The commission also is proposing that issuers disclose events that may adversely affect a bond's tax exemption, including issuance by the Internal Revenue Service of proposed and final decisions about whether bonds are taxable because they have violated tax requirements. Currently, the rule makes no specific reference to IRS notices and only says that issuers are required to file notices in the event of an adverse tax opinion or "events" affecting the security's tax-exempt status. Some issuers contend IRS notices are not material.
Meanwhile, the proposed amendments add four types of events that would need to be disclosed. Two events would need to be disclosed if deemed material: mergers, consolidations, acquisitions, the sale of all or substantially all of the assets of the obligated person or their termination; and the appointment of a successor or additional trustee or the change of the name of a trustee.
The other two new events, which would need to be disclosed whenever they occur, are tender offers and the bankruptcy, insolvency, receivership or similar proceeding of the entity obligated to pay off the bonds.
VRDOs and other securities with put features of nine months or less were excluded from 15c2-12's primary and secondary market disclosure requirements when the rules were adopted in 1989 and 1994, respectively.

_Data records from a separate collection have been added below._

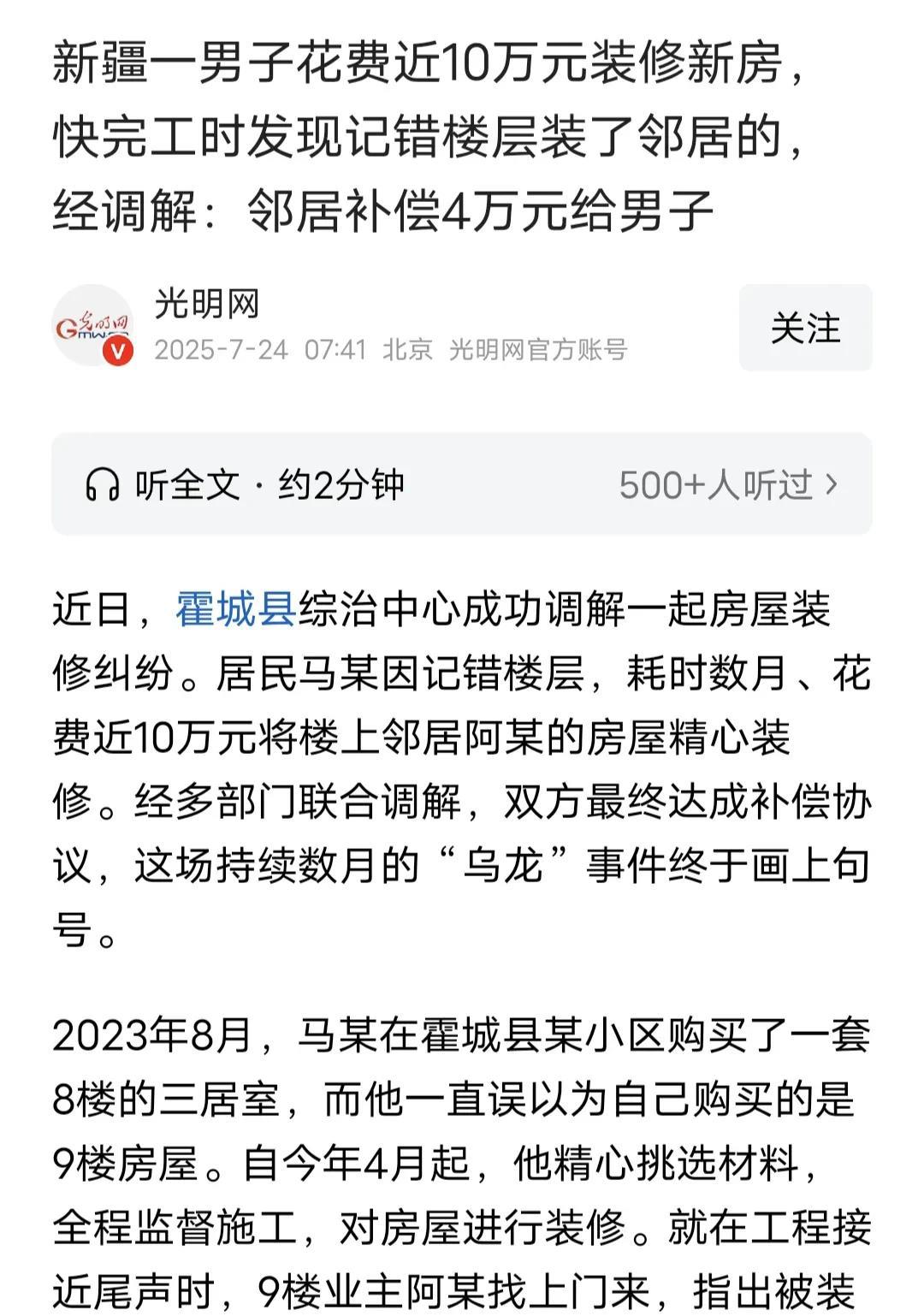 “小品现实上演!”新疆男子买了8楼的一套三居室,装修新房时,他却误把9楼的房子装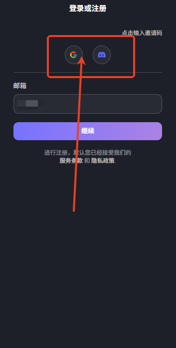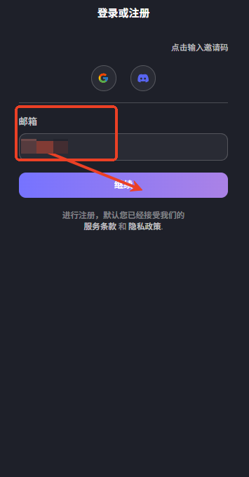 2、以“邮箱”为例,输入邮箱账号后点击“继续”按钮,再按照页面提示完成登录操作。
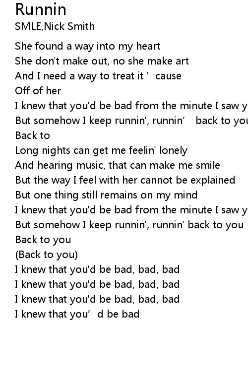 | [00:42.390] | But somehow I keep runnin', runnin’ back to you |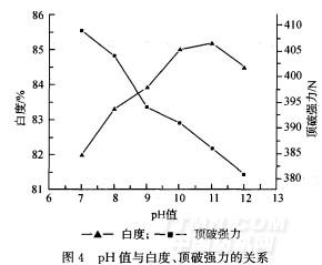 对pH值进行单因素分析。双氧水用量12mI/L,渗透剂2g/I,精练剂2g/L,硅酸钠3g/L,pH值7~12,温度80℃,碳酸钠1.5g/L。时间50min,浴比1:30。其白度和顶破强力与时间的关系见图4所示。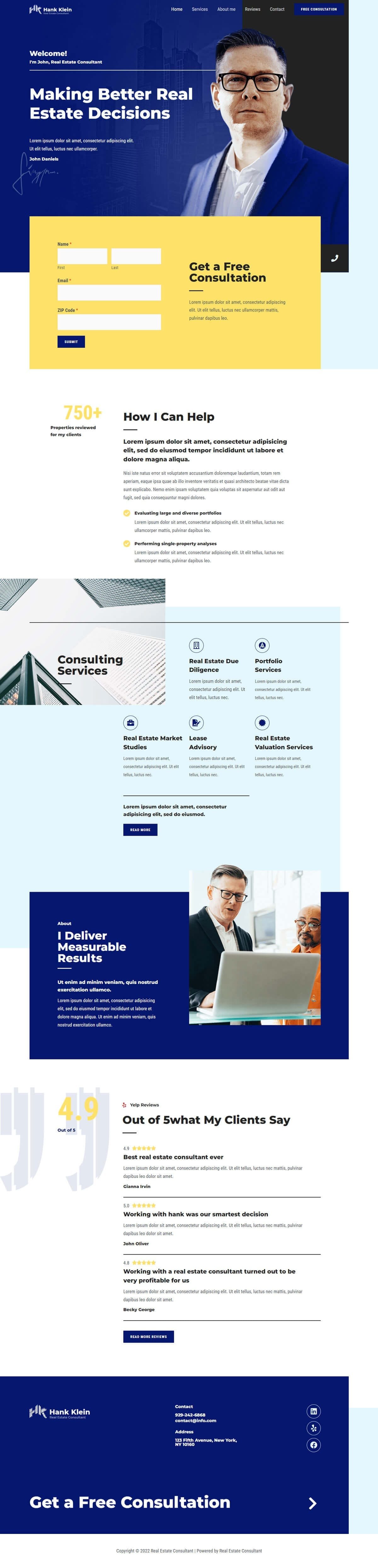 Key features of the Real Estate Consultant template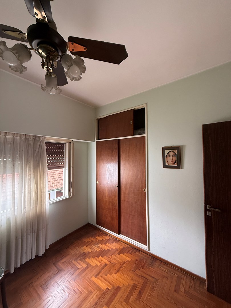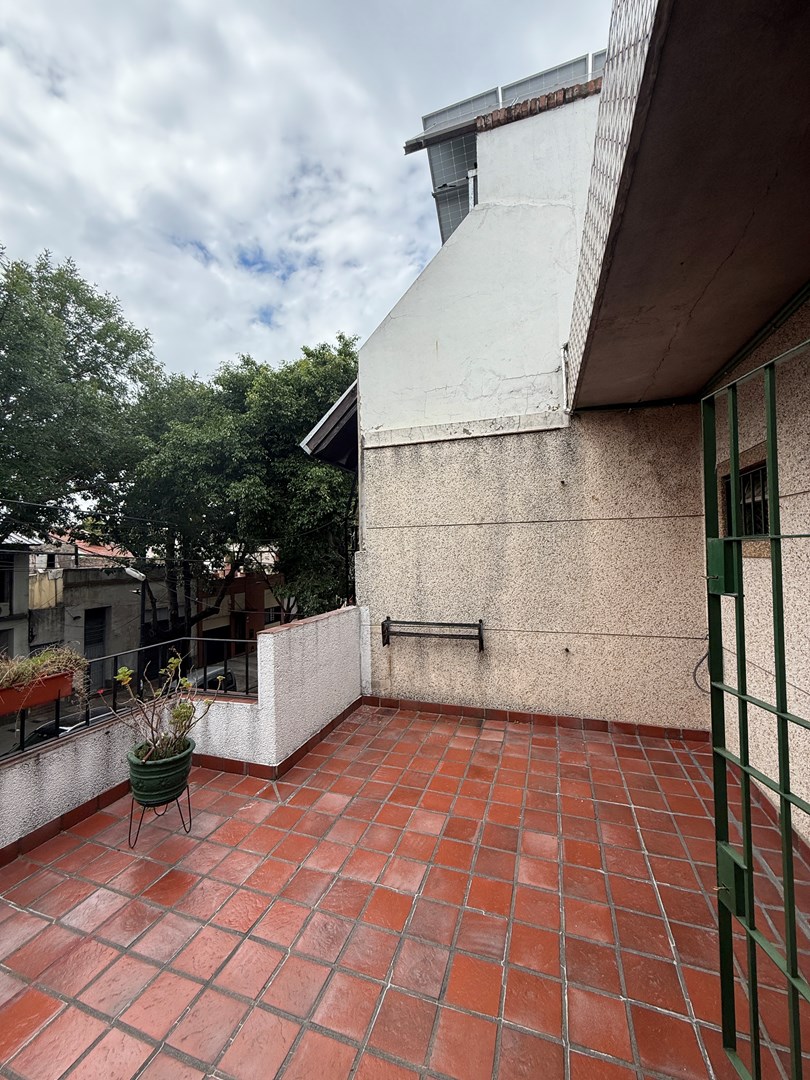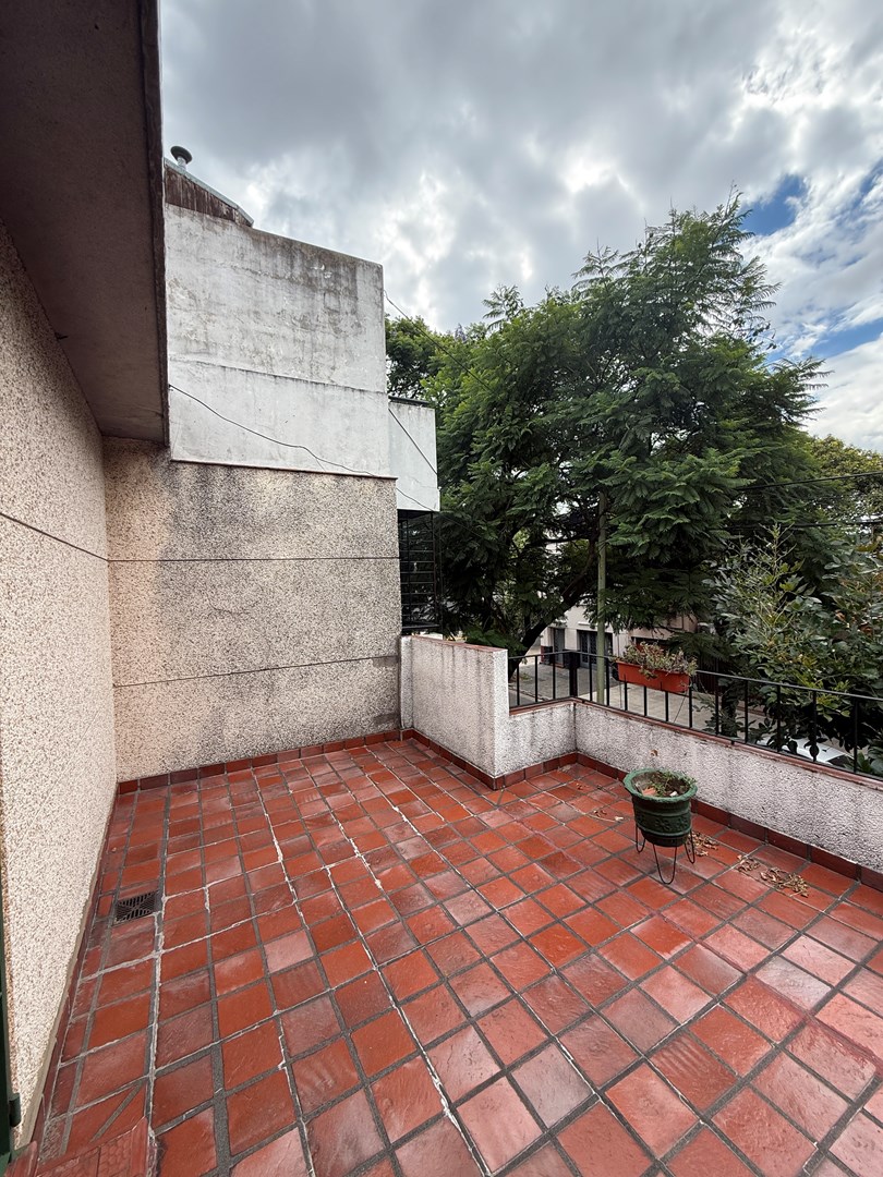 En planta alta, la propiedad ofrece dos dormitorios al contrafrente, un espacio tipo living o estar con cocina integrada, baño completo y un balcón terraza al frente, ideal para disfrutar del aire libre.

But Schapiro said VRDOs have grown in importance, accounting for 38% of the trading volume for all munis in 2008. VRDOs drew concerns from market participants during the financial crisis when they could not easily obtain information about the liquidity facilities backing them. Typically, VRDOs are backed by bank-provided liquidity facilities under which investors can tender the bonds on short notice.
SEC officials proposed extending the rule so that VRDOs would be subject to continuing disclosure requirements, but maintained the debt's exemption from the primary disclosure requirement for issuers to provide offering documents. It is not clear how many issuers disclose offering documents for their VRDOs, though sources said many do to make their bonds more marketable.
Speaking to reporters after the hearing, SEC staff said they may revisit the exemptions to 15c2-12 to cover more types of short-term debt if they grow in size and importance. They are concerned that eliminating more of the exemptions now would be unduly burdensome.
In conjunction with the SEC proposals, the MSRB late Tuesday filed with the commission two rulemaking proposals designed to improve primary and continuing muni disclosure information on its EMMA site.
One proposal, which would give issuers special recognition on EMMA if they voluntarily provide annual financial information within 120 days after the close of their fiscal years, drew concerns from some issuers.
They warned 120 days is not enough time for large issuers that wait months just for auditing firms to review their annual statements. The issuers are hopeful the MSRB proposal would be altered to conform with the 180-day period that GFOA requires filings to be made for them to be eligible for its certificate program.